**Task requirements**
After locating the line that bears "6月6日,中央第三生态环境保", restate word for word that line and the rest of the listing to its final line, excluding all pictures.

**Data provided**
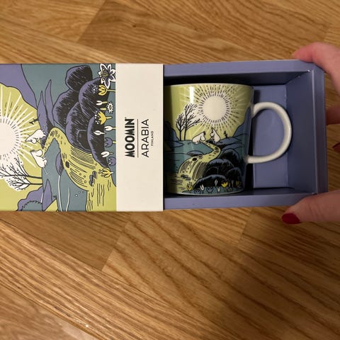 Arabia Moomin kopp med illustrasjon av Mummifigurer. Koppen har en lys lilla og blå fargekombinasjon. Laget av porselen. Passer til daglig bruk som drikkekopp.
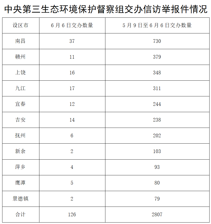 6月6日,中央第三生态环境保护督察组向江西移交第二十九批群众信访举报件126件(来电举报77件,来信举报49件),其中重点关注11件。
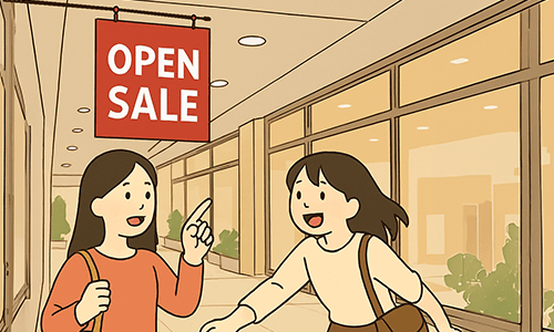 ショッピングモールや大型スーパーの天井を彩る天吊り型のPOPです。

**Output for this exercise**
 6月6日,中央第三生态环境保护督察组向江西移交第二十九批群众信访举报件126件(来电举报77件,来信举报49件),其中重点关注11件。
 ショッピングモールや大型スーパーの天井を彩る天吊り型のPOPです。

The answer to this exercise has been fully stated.